EXERCISE MATERIALS -
"""
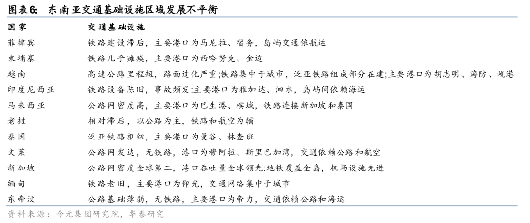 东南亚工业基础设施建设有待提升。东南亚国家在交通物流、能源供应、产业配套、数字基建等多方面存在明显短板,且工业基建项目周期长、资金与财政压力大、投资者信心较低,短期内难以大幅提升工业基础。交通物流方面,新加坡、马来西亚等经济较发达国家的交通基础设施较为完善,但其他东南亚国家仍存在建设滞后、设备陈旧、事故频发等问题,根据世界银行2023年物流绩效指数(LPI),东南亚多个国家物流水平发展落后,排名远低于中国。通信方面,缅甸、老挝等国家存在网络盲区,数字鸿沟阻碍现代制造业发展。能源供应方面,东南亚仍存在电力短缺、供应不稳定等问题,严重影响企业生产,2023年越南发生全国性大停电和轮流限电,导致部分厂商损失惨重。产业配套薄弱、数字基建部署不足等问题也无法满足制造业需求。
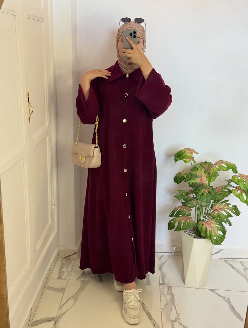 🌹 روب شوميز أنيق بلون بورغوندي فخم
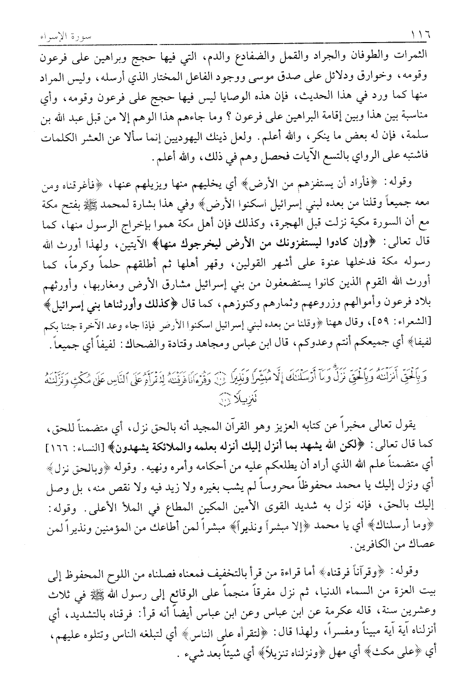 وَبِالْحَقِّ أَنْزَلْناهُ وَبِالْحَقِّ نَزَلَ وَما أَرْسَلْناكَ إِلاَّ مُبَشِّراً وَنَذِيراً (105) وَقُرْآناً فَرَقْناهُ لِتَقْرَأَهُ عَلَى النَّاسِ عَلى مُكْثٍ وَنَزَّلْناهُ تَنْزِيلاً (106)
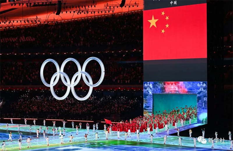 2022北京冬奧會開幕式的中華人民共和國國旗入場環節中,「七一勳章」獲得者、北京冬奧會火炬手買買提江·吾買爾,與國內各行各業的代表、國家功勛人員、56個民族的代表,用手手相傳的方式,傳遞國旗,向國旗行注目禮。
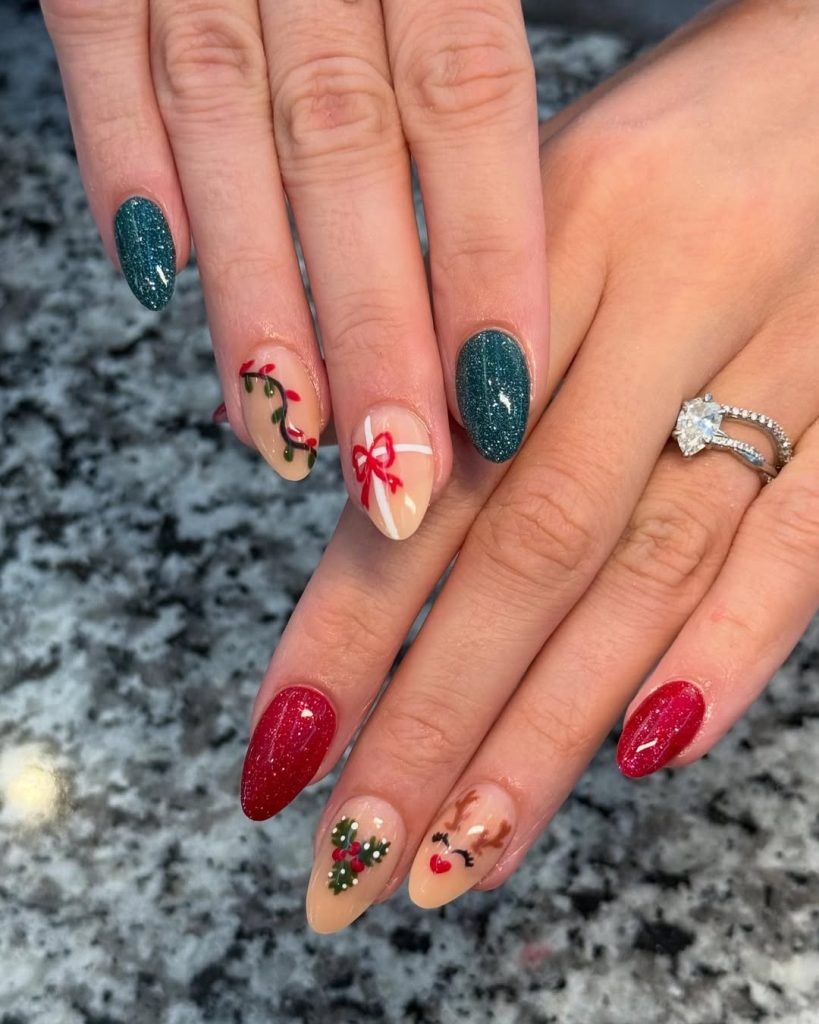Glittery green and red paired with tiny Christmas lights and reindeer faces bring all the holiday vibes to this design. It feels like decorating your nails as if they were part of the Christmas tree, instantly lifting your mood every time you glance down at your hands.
"""
"""
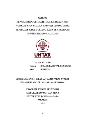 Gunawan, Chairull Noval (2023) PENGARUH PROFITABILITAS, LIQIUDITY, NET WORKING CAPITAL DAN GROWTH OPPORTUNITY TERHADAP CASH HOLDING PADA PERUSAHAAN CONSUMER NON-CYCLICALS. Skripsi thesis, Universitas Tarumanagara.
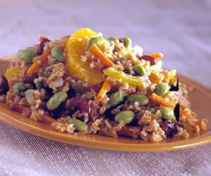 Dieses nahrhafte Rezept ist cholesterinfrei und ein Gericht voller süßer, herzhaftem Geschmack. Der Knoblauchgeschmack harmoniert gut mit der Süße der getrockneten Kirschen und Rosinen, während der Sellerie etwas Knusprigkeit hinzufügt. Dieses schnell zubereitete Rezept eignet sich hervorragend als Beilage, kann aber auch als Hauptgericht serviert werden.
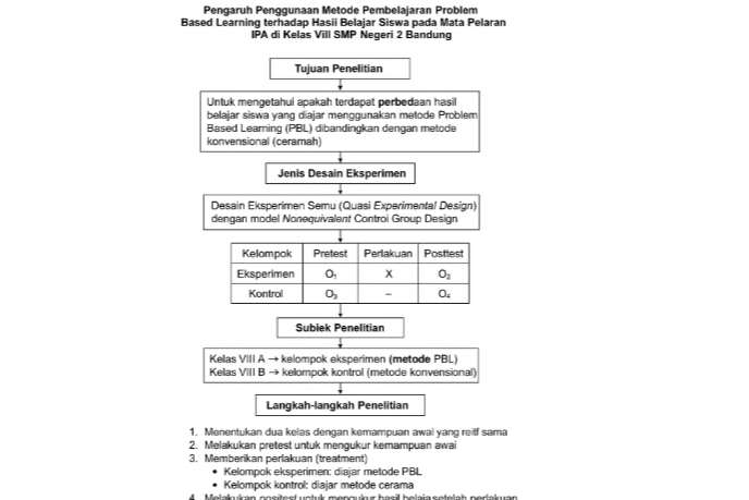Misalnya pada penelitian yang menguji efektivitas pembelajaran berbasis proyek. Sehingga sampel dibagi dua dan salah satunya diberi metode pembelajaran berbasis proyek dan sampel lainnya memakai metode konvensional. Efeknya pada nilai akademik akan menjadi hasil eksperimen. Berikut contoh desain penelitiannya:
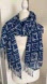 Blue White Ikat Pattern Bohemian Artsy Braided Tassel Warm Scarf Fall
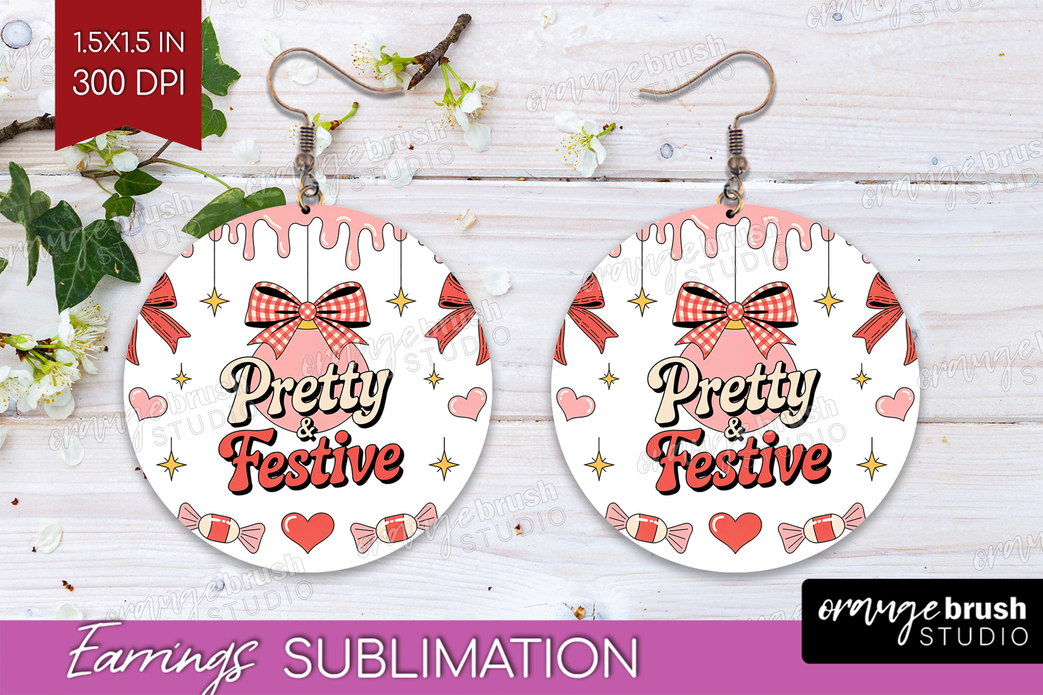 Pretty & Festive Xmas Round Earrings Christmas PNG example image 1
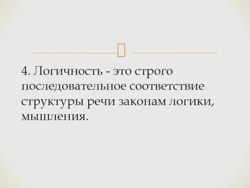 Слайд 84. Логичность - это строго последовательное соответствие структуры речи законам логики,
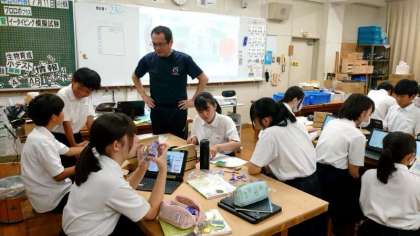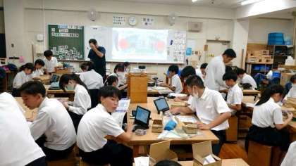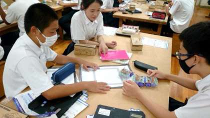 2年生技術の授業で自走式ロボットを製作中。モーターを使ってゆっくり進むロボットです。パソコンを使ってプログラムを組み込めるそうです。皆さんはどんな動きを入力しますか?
"""
Look above for the line with "Pretty & Festive" and the line with "2年生技術の授業で自走式ロボ", then copy them and all lines in between exactly as written, and only those, without any pictures.

RESPONSE TO THIS TASK -
 Pretty & Festive Xmas Round Earrings Christmas PNG example image 1
 Слайд 84. Логичность - это строго последовательное соответствие структуры речи законам логики,
 2年生技術の授業で自走式ロボットを製作中。モーターを使ってゆっくり進むロボットです。パソコンを使ってプログラムを組み込めるそうです。皆さんはどんな動きを入力しますか?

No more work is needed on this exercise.